Vom Stadthaupteingang – während des letzten Weltkrieg zerstört und später Nachgebaut in seiner originellen Form, mit etruskischen Rundbogen – kommt man zur via Porsenna, auf dessen rechten Seite einige Gebäuden aus dem Mittelalter und aus der Renaissance zu finden sind. Am Ende der Straße befindet sich die Piazza del Duomo, in deren Fundament die Ruine von einem Palast ausgegraben wurde, der angeblich Porsenna, dem berühmtesten etruskischen König, gehörte. Gegenüber der Kirche befindet sich der Palazzo Episcopale (Erzbistumspalast). An der linken Seite der Kirche steht der Glockenturm, dessen erster Teil aus dem 13. Jahrhundert stammt. Die älteste Basis wurde angeblich mit Trümmern von Gebäuden gebaut, die unter dem Bischof Lanfranco, der im 16. Jahrhundert versucht hatte, als Graf-Bischof Herr der Stadt zu werden, aufgerichtet wurden.
 

Die Kathedrale, vom Bischof Fiorentino im 6. Jh. gegründet, wurde im 12. Jh. neugebaut und im 19. Jh. wesentlich umgestaltet. Der Innenraum hat drei Schiffe, ohne Querschiff, und jede endet in eine Apsis. Jede Säule, die die Rundbogen unterstützt, hat ein unterschiedliches Kapitell. Die Kapitelle stammen aus römischen Gebäuden.

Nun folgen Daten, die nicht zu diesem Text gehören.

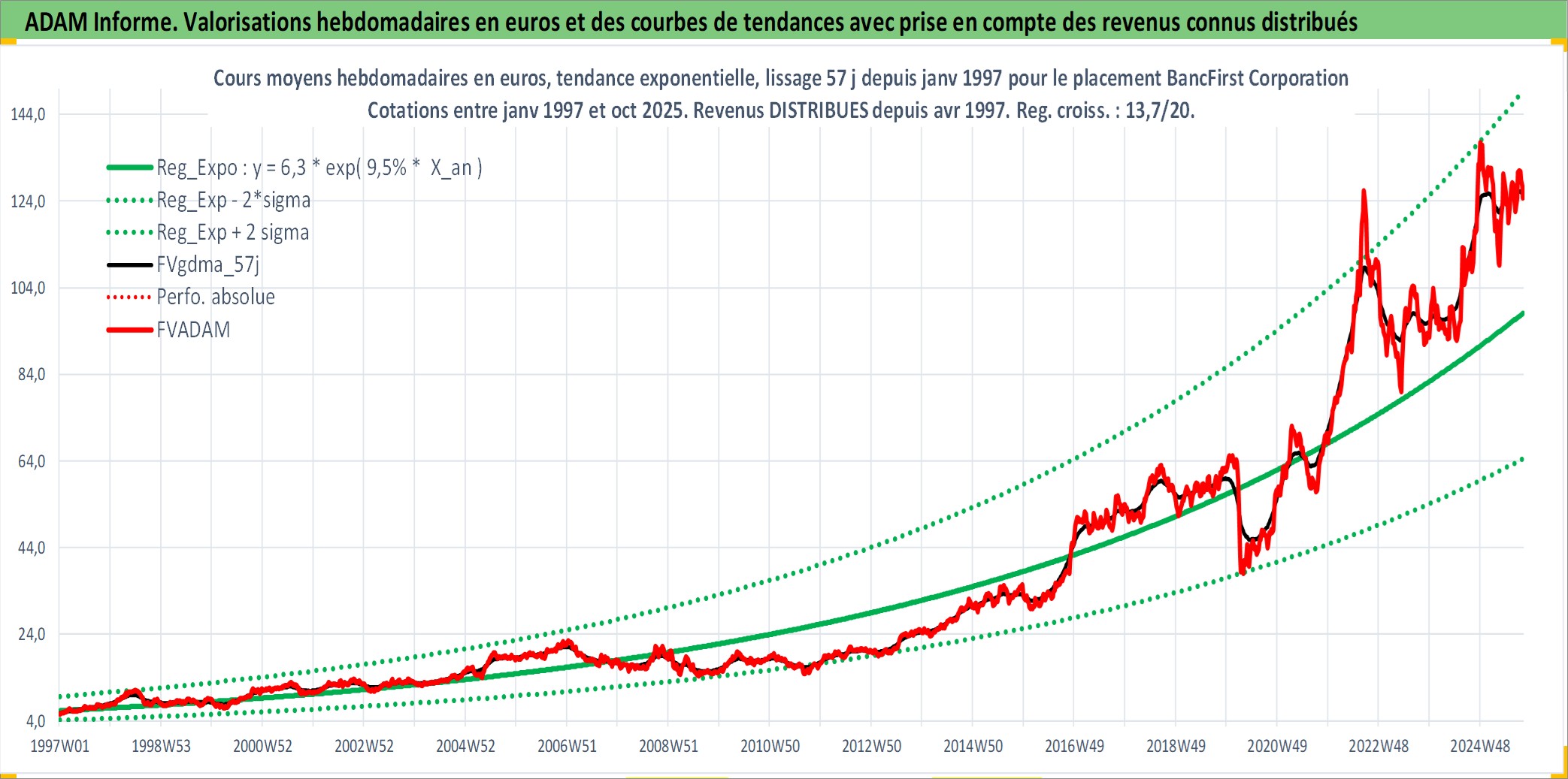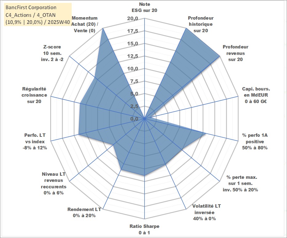 Site dédié aux investisseursPage dédiée sur site financeAnalyse des valorisations hebdomadaires de l'action BancFirst Corporation. Cet actif est cote en USD. Les valorisations sont en contrevaleur EURO et couvrent les semaines 1997W01 a 2025W40. Les revenus de cet actif financier sont pris en compte depuis la semaine 1997W16. La note ESG de cet actif n'est pas connue.

Im rechten Schiff befindet sich ein Taufbecken. Über das Taufbecken steht eine Statue von Johannes dem Täufer im Stil von Andrea Sansovino. Zwischen 1887 und 1894 wurde die Kirche von Arturo Viligiardi gemalt, wie ein falsches Mosaik und nach altchristlichem und römischen Mustern. Durch die Sakristei kommt man in den Kapitelsaal, wo einige wichtige Kodizes mit Miniaturen, die aus dem Kloster von Monte Oliveto Maggiore stammen, unter Glas behalten werden.

Schon seit Anfang des 18. Jh. fing man in Chiusi an, die etruskische Herkunft der Stadt zu schätzen und nach Resten dieser ehrwürdige Zivilisation zu suchen. Ab Anfang des 19. Jh. wurden sehr bedeutende Tomben gefunden, obwohl es nicht nur professionelle Altertumsforscher waren, die die Arbeit führten, sondern auch Räuber, die schnell und heimlich gruben und oft die Funde stahlen und beschädigten. Im Jahr 1870 würde der erste Kern des Museums geöffnet, mit Funden und Resten aus den Gräben. Später nahm die Sammlung dank Beschenkungen allmählich zu.

Anfangs des 20. Jh. fing man an, das Museo Civico (Stadtmuseum) zu bauen. Im Jahr 1932 wurde es erweitert. Das Museum wurde während des 2. Weltkriegs beschädigt und 1963 vom Staat erworben. Die neue Sammlung, die im Jahr 1992 eingeweiht wurde, ist auf drei Sektionen verteilt. Die Exponate stammen aus Grabungen aus der Gegend der Stadt und auch deswegen sind sie so wichtig. Die seltensten und wertvollsten Exponate sind Grabsteine mit Basreliefe und Inschriften.